The largest Muslim civil liberties group in the United States on Wednesday condemned Newt Gingrich for saying he would only hire Muslims to his administration if they renounced the use of Islam's Shariah law as a tool for U.S. government.
Calling Gingrich "one of the nation's worst promoters of anti-Muslim bigotry," the Council of American Islamic Relations suggested the Republican presidential candidate is a segregationist.
"Newt Gingrich's vision of America segregates our citizens by faith. His outdated political ideas look backward to a time when Catholics and Jews were vilified and their faiths called a threat," said CAIR Legislative Director Corey Sayolor in a statement.
"The time for bias in American politics has passed and Newt Gingrich looks like a relic of an ugly era," Sayolor said.
CAIR said the release was prompted by the candidate's remarks Tuesday in Columbia when, asked if he would ever endorse a Muslim running for president.
"It would depend entirely on whether they would commit in public to give up Shariah," Gingrich said.
"A truly modern person who happened to worship Allah would not be a threat, a person who belonged to any kind of belief in Shariah, any effort to impose it on the rest of us, would be a mortal threat," Gingrich told the crowd, adding that he's "totally opposed" to Shariah law being applied in American courts and favors a federal law that "preempts" its use.

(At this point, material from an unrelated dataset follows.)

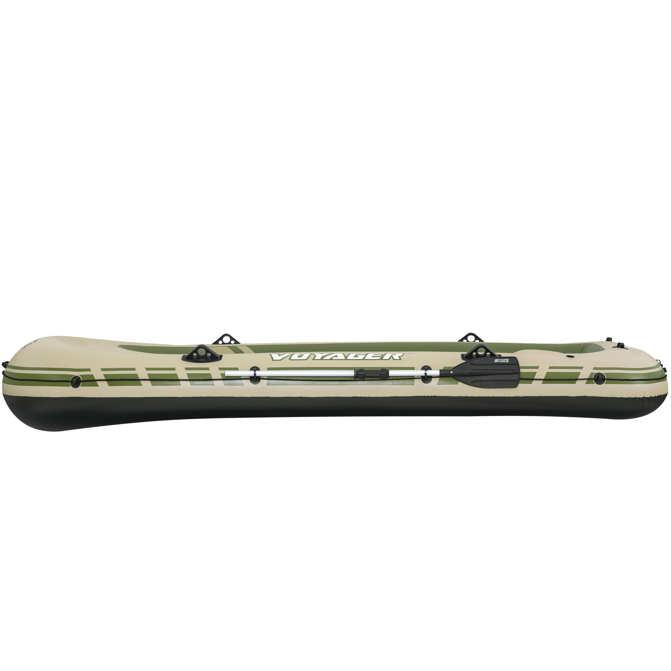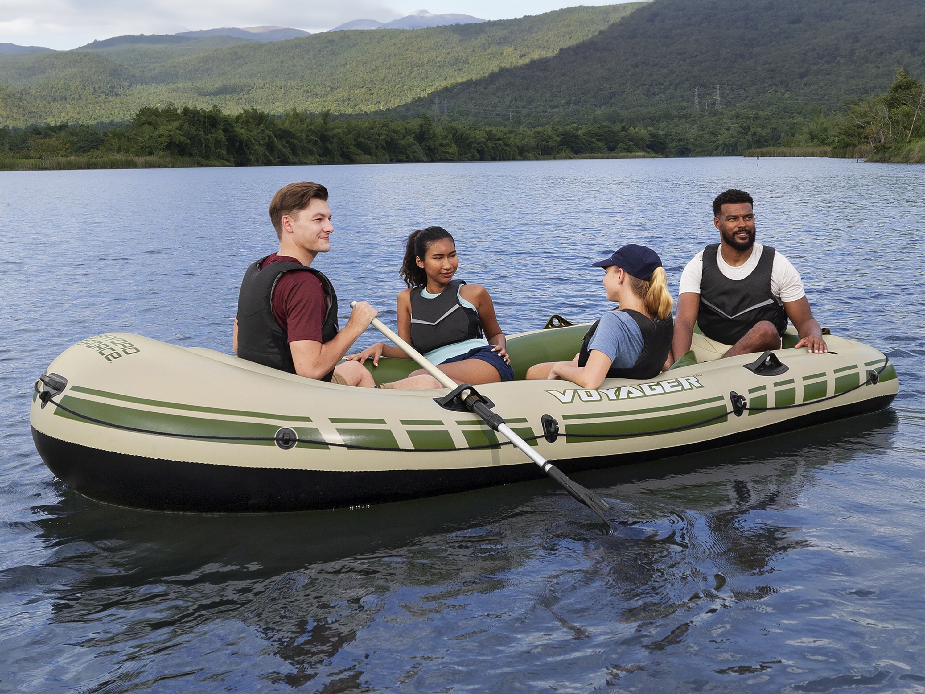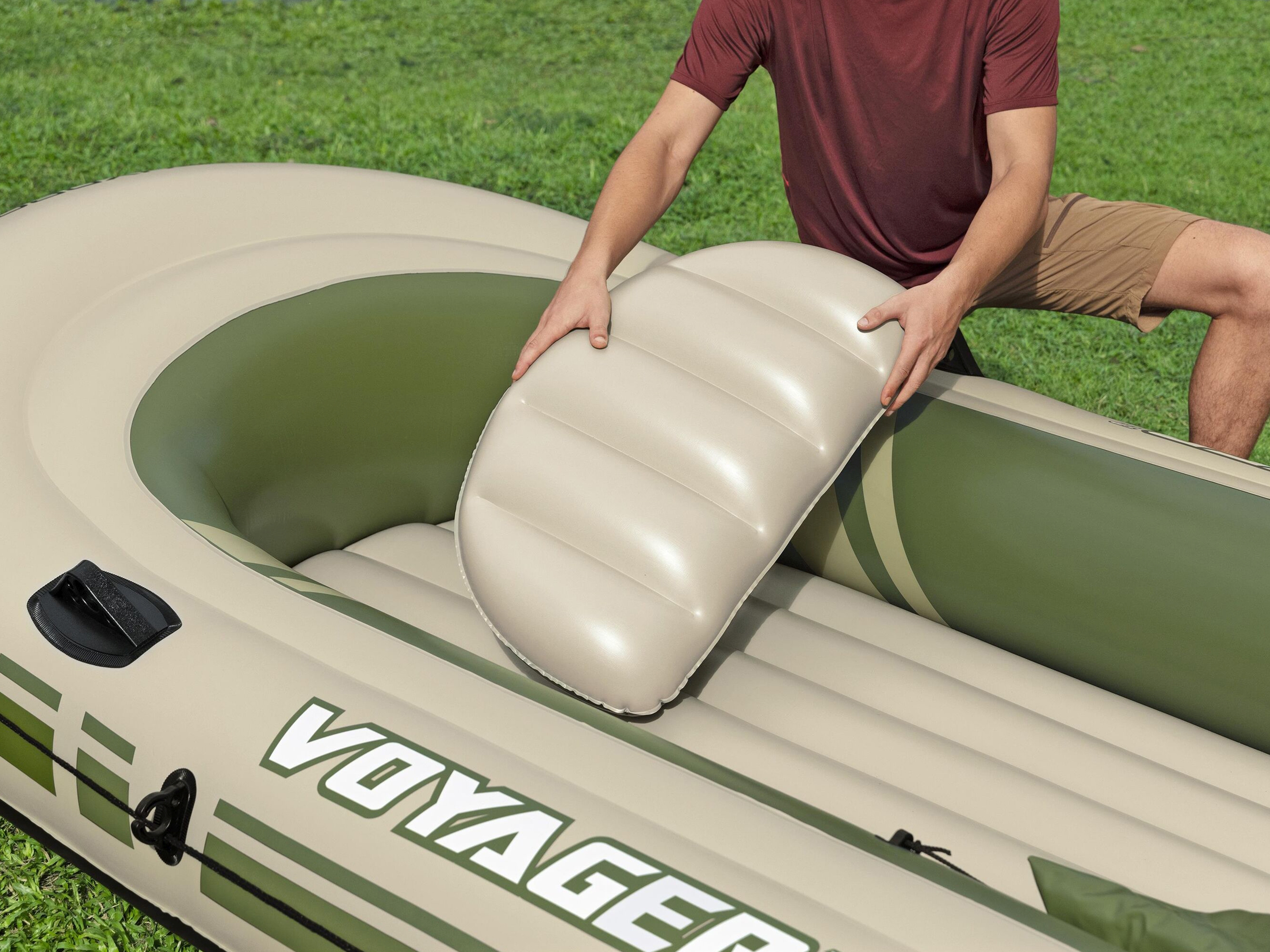 This comfortable inflatable boat offers space for four people and has inflatable seat cushions and an inflatable floor. With the hand pump, the boat is ready for use in no time. The complete set also includes oars so that the adventure on the water can start right away. The integrated oar bearings make paddling and steering particularly easy. Hobby anglers can put the fishing rod in one of the two holders and wait until something bites. Enjoy unforgettable trips with friends and family in this Voyager inflatable boat from Bestway!

This month, the 10th Circuit Court of Appeals struck down an Oklahoma ban on the application of "Sharia law" and "international law" in courts.
Pointing to the religious freedoms guaranteed by the First Amendment, CAIR defends Shariah law as a set of beliefs that "teaches marital fidelity, generous charity and a thirst for knowledge," and mandates that Muslims respect the law of the land in which they live.
Gingrich had a different interpretation of Shariah law, pointing to the, "rising Islamization of Turkey has been accompanied by a 1,400 percent increase in women being killed."
"When you look at the application of Shariah in places like Iran, when you look at churches being burned in Nigeria and Egypt, and that the decline of Christians in Iraq from a million, 200 thousand when the Americans arrived to about 500,000 today, I think it depends entirely on the person," he said.
"If they are a modern person integrated in the modern world and they are prepared to recognize all religions, that's one thing. On the other hand, if they're Saudis, who demand that we respect them while they refuse to allow Christians to worship in Saudi Arabia, that's something different," he continued.
Later in the day during a question and answer session in Aiken, S.C., Gingrich also called the Ground Zero mosque "a deliberate and willful insult to the people of the United States who suffered an attack by people who are motivated by the same thing."
"I think the time has come for us to have an honest conversation about Islamic radicalism. I don't think we should be intimidated by our political elites, and I don't think we should be intimidated by universities who have been accepting money from the Saudis and who, therefore, now have people who are apologists for the very people who want to kill us," he said.